Utilities are in a constant state of asset capacity and distribution planning—a critical balancing act between having enough energy generation to support demand and optimizing existing grid infrastructure. Utilities must also continually predict future electricity demand, taking into account factors like population growth, weather patterns, and economic trends—a task known as load forecasting.
Although the standard approach to grid planning is a functional model, it’s not necessarily a scalable model—and, it doesn’t account for the mass deployment of DERs underway at homes across the country. For one, non-smart meters only provide utilities with data at an aggregate level. This lacks visibility into behind-the-meter assets, like a customer’s solar, battery storage, and energy-efficient appliances.

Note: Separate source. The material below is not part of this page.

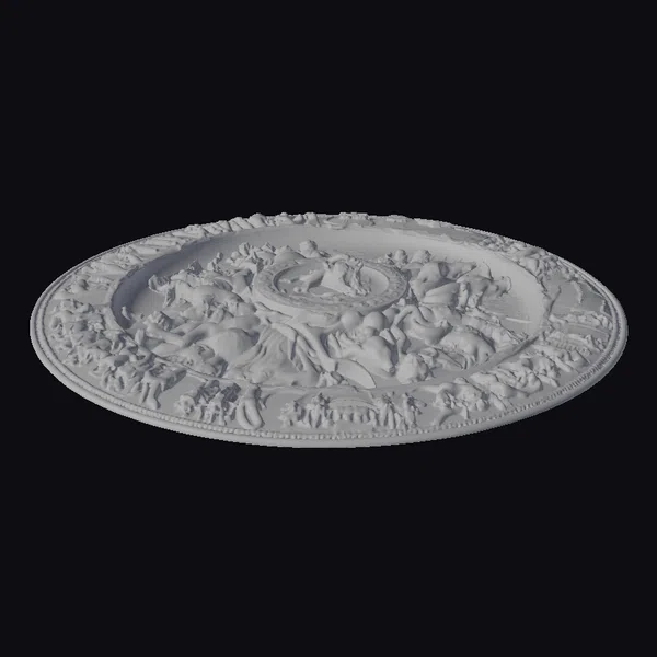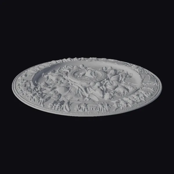 Positioned dynamically against a neutral backdrop, the silver relief plate showcases a mesmerizing array of mythological scenes, meticulously crafted to transport the viewer to a bygone era. The plate’s circular form is divided into distinct sections, each containing a unique narrative or figure, rendered in exquisite detail. The central motif features a prominent figure surrounded by radiating patterns and figures, all cast in high relief. The outer rim of the plate is equally ornate, with a sequence of interconnected scenes that appear to unfold like a frieze. This 3D model, with its rich textures and nuanced lighting, is poised to elevate any digital environment, from architectural visualizations to video games and animations. Designers and artists will appreciate the plate’s potential as a detailed prop or set dressing element, capable of adding depth and authenticity to their projects.

Smart meters offer an impressive amount of data, capturing energy consumption in 60-, 30- and sometimes even 15-minute intervals. Data is the foundation for knowledge, so the more data telling utilities about the energy flowing through the grid, the better able they are to evaluate and modify energy efficiency efforts. This in turn enables utilities to also measure with greater accuracy the results of these programs.
Not only does behind-the-meter data allow utilities to increase load forecasting accuracy, but utilities don’t have to depend on extrapolation anymore; they can “disaggregate” this data to gain greater visibility into DERs and appliances from every home under one given circuit, multiple circuits or even all the homes under their jurisdiction.